When I was a teenager and a young adult I was an Emerson fan, and reviewing his seven steps from his essay “Self-Reliance” made me miss my grandfather who put me onto Emerson and reminded me that most of the time the simplest solutions and paths are the right ones. The seven steps are roughly these:
Reclaim your privacy
Stop conforming to others’ thinking
Be true to yourself
Defer gratification: choose to pursue long-term purpose with passion and perseverance
Devote your attention only to what is edifying and uplifting
Be willing to change your mind and say you were wrong
Speak the truth
Pretty easy stuff, right? Not so easy with social media, 24/7 news, and a culture that wants to group us all into “us” and “thems”.
Besides re-reading Emerson because it is always a good time to re-read Emerson, on my path towards meaning I am going to attempt to detox myself from my addiction. Am I going to get rid of my cellphone and become a prepper living in the woods perhaps perfecting my fruit leather skills? No, not a surprise at all for those who know me well.

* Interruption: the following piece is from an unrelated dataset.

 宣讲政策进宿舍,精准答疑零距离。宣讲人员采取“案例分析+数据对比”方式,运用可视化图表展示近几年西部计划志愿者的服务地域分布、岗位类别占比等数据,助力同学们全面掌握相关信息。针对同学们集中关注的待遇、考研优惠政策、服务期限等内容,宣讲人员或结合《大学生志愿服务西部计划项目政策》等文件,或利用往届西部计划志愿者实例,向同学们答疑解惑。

But I am setting some boundaries.
To be fair I already had invested in what is called a Brick, a small device and app that allows me to shut my phone down from everything except calls and text messages. My phone is “Bricked” at all times except from 8AM until 5PM everyday.
Adding to this I’m no longer going to have my phone on me when I’m at home. Instead it will stay on my desk in it’s cute little pink holder with the ringer on. If I really need to check it for something I’ll have to come to my office area and at that point I might as well get some writing in while I’m at it.

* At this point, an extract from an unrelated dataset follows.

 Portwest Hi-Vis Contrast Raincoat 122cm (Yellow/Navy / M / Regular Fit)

When I do use my phone I’m going to try to use it mindfully, meaning before picking it up I am going to force myself to write in my little notebook I keep on my desk what it is I am hoping to discover and if it’s something I really need and can only get from my phone then I will press forward.
Finally, I’m going to plan a 1 week “No Phone Getaway” next year.
Am I going to disappear from the world altogether? I hope not, after all in order to achieve my dream of being a successful full time author I certainly need to be present in the world…but instead of keeping that presence to the digital realm I’m going to make sure I am present in the real world.
After all, what’s the point of living if the moments of your life are made numb by an addiction? I’d rather live 5 more years of vibrancy and fulfillment than 38 more years of dull and boring.